Scenario- I have a property that has 3 deed holders. The 1st (BofA) is not willing to pay anything to the 3rd (Kaiser). The 3rd is asking for 15% of the balance.  The seller can not contribute and the buyer can only put in a limited amount based on what the 2nd (Greentree) is willing to settle for and not much more. The 3rd was taken out 14 days later from the 1st and 2nd for the exact same amount as the 2nd. All are purchase money loans.

 

Question

1.) What is typical payout to 3rd if the 2nd is getting 10%, should they not get less? Still learning so please be gentle with the responses. I have seen some blogs that were a little intimidating.

 

 2.) Hypothetically speaking...if the house went to FCL would my client be protected under the Debt Forgiveness Act for all 3 deeds?

 

Thanks in advance!

Views: 96

Replies to This Discussion

You are confusing deficiency with tax relief and they are completely separate.

Most lien holders other than the first get 10% of the balance, although Greentree is a nightmare.  they usually want more than 10%, but any lien holder can demand anything they want...doesn't mean they'll get it.

If it goes to FC there is no "forgiveness" nothing was forgiven. The lender can chose to forgive the remaining balance later, but usually they try to collect in court if it goes to FC or they sell the debt to a collections agency. 

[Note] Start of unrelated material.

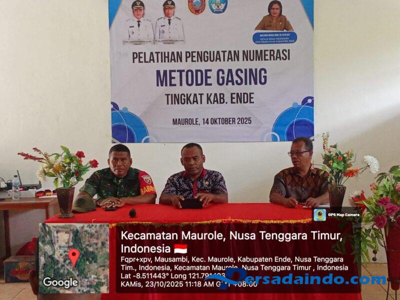 Ende, Dalam rangka mendukung peningkatan kualitas pendidikan dasar di wilayah binaan, Babinsa Koramil 1602-04/Maurole, Kodim 1602/Ende, Sertu Donatus Kiri, menghadiri kegiatan Penutupan Pelatihan Penguatan Numerasi dengan Metode GASING (Gampang, Asyik, dan Menyenangkan) yang diselenggarakan di Aula SDI Watumesi, Desa Mausambi, Kecamatan Maurole, Kabupaten Ende, pada Kamis (23/10/2025).

The MDFA (Mortgage Debt Forgiveness Act) usually applies to only first homes primary residences and usually the first loan.  Although I think purchase money counts.  The homeowner would normally have to pa taxes on the "forgiven" portion of the note, but up until the end of this year they won't if it falls under the primary residence provision.

Thank you for your response.

I always check from which state the poster is posing a question. Uiliani is in CA, the same as me.

I believe Smitty practices back East. While her opinion may be correct in her state, I would say there remains confusion as to what happens here in CA.

If there is a Trustee Sale, the 1st mortage holder is finished. They don't get to sell the debt to collections.

If the 2nd was truly purchase money, they quite likely are also finished.

But if it was a HELOC, they probably still have recourse.

I have never yet seen a 3rd mortgage that was taken out 14 days after the 1st & 2nd were recorded that would qualify as Purchase Money. It is quite likely the 3rd may still hold recourse.

I think this link from NAR will give a more definitive answer to the questions posed:

http://www.realtor.org/government_affairs/mortgage_debt_cancellation

Thank you! Yes CA is a tricky state...Yes that 3rd mortgage is really bazarre to me because its not out far enough for HELOC but seems a little to late for a purchase money loan.

Harry, In California, I understand if it goes to FC they can't pursue..Is that correct?  BUT if they write it off after with 1099 forgiven, aren't taxes still a potential?

Uilani, I'm not an expert in California short sales by any means.  Harry knows what he is talking about.  California dances to their own beat. 

There are many more qualified people here from the CA area that can help, but from the little I know from CA Harry is dead on.

Per C.A.R.:

The general rules governing deficiencies (in California) are as follows:

  1. “One Action Rule”:  “There can be but one form of action for recovery of any debt or the enforcement of any right secured by a mortgage upon real property.”  (California Code Civil of Procedure (“CCP”) § 726(a)).
  2. No deficiency judgment is allowed by the foreclosing lender following a non-judicial foreclosure (i.e., trustee's sale), regardless of the type of property foreclosed. (CCP § 580d).
  3. No deficiency judgment is allowed when the type of loan is either (a) purchase money for an owner-occupied residential one-to-four unit dwelling (“owner-occupied purchase money”) or (b) seller financing (“seller carry-back”). (CCP § 580b).
  4. No deficiency shall be owed nor a deficiency judgment rendered following a short sale on a residential one-to-four unit property. (CCP § 580e(a)).
  5. A lender may not require the borrower as a condition to agreeing to a short sale to pay money other than from the proceeds of sale. (CCP § 580e(b)).